Innate Immunity Variants Associated With Earlier Breast Cancer in BRCA1 Carriers
Posted on 03 Apr 2026
Carriers of pathogenic BRCA1 variants face a markedly elevated lifetime risk of breast cancer, yet the age at diagnosis varies widely. This variability complicates decisions on when to undertake risk‑reducing surgery to remove the breasts, fallopian tubes, and ovaries. Understanding modifiers that shift disease onset could refine individualized risk prediction for surveillance and preventive care. New findings now demonstrate that damaging variants in innate immunity genes correlate with earlier breast cancer among BRCA1 carriers.
In work disseminated by the British Medical Journal (BMJ) and published in the Journal of Medical Genetics, investigators examined whole exome sequencing (WES) data from 321 Ashkenazi Jewish women with the BRCA1 185delAG mutation. Among Ashkenazi Jews, the prevalence of BRCA1 mutations is reported to be five to six times higher than in other ethnic groups worldwide. WES interrogates the protein‑coding exome—about 1–2% of DNA—where approximately 85% of known disease‑causing variants reside.

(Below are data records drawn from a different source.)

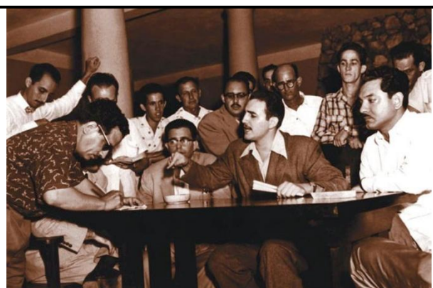
Entrevista a la salida de prisión.
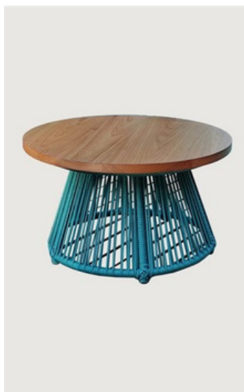
MESA DE CENTRO TAMPO EM MADEIRA
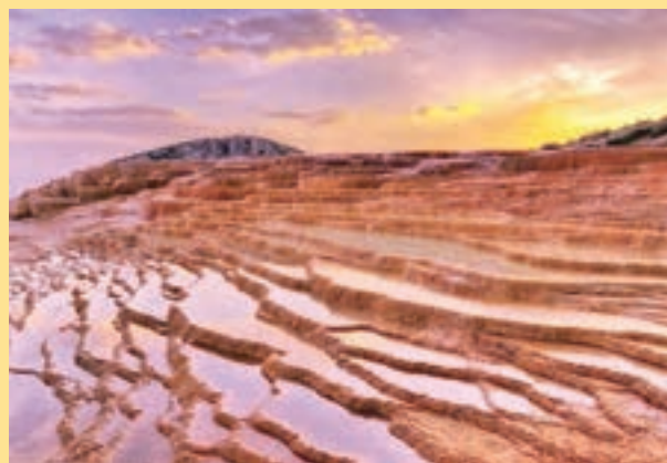
شکل ۱۳- چشمه های تراورتنی باداب سورت
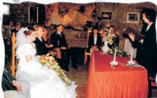
Fotostudio Apel, Sondershausen
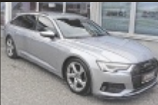
Audi A6 Avant 40 TDI quattro sport

204 PS, EZ 7/2019, 183.110 km, Diesel € 30.990,-
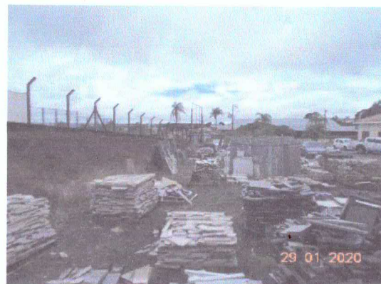
Figura 10: Estocagem de material para uso.
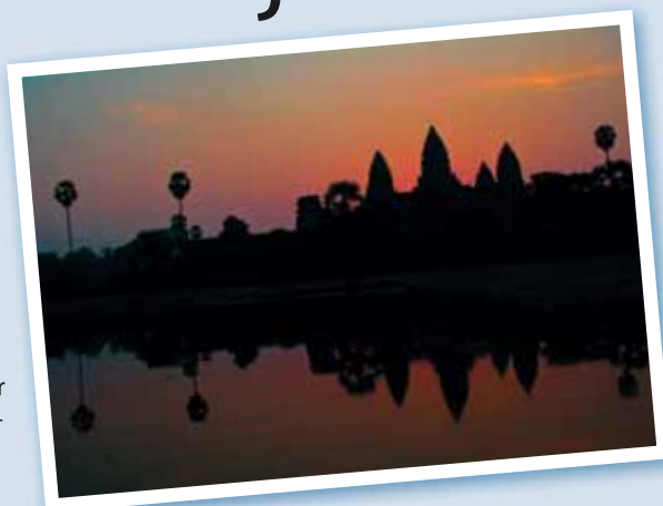
Morgenstemning: Soloppgangen ved tempelkomplekset Angkor Wat i Kambodsja har noe majestetisk og guddommelig over seg.

Etter sterke inntrykk i Phnom Penh gikk turen videre til byen Siem Reap, hvor hovedattraksjonen var tempelruinene Angkor Wat. Tidlig, tidlig og enda tidligere enn det stod vi
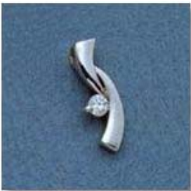
L-1078 0,06гр. Ø2,6-1шт.

Of the 321 carriers, 98 had been diagnosed with breast cancer, with a mean age at diagnosis of 41.5 years and a range of 26 to 75 years. The analysis evaluated whether additional likely damaging missense variants in genes governing innate immune responses were associated with age at onset. The cohort design focused on a single founder mutation (185delAG) to assess modifying genetic factors.
Damaging variants in innate immunity genes were significantly associated with earlier disease onset. Associations were strongest for genes involved in natural killer (NK) cell activation, which function in rapid antitumor and antiviral defense. Carriers harboring such NK cell–related variants had a risk of earlier onset more than 3.5 times greater.
The authors characterized these results as preliminary and emphasized the need for replication in independent, ethnically diverse, larger cohorts that include carriers of heterogeneous BRCA1 pathogenic variants. They stated that the findings highlight a potential role for innate immune pathways as modifiers of BRCA1 penetrance and may support the development of more refined, personalized risk prediction models for BRCA1 carriers. The study, “Damaging missense variants in innate immunity genes are associated with earlier age of breast cancer onset in BRCA1 185delAG carriers,” appears in the Journal of Medical Genetics (2026).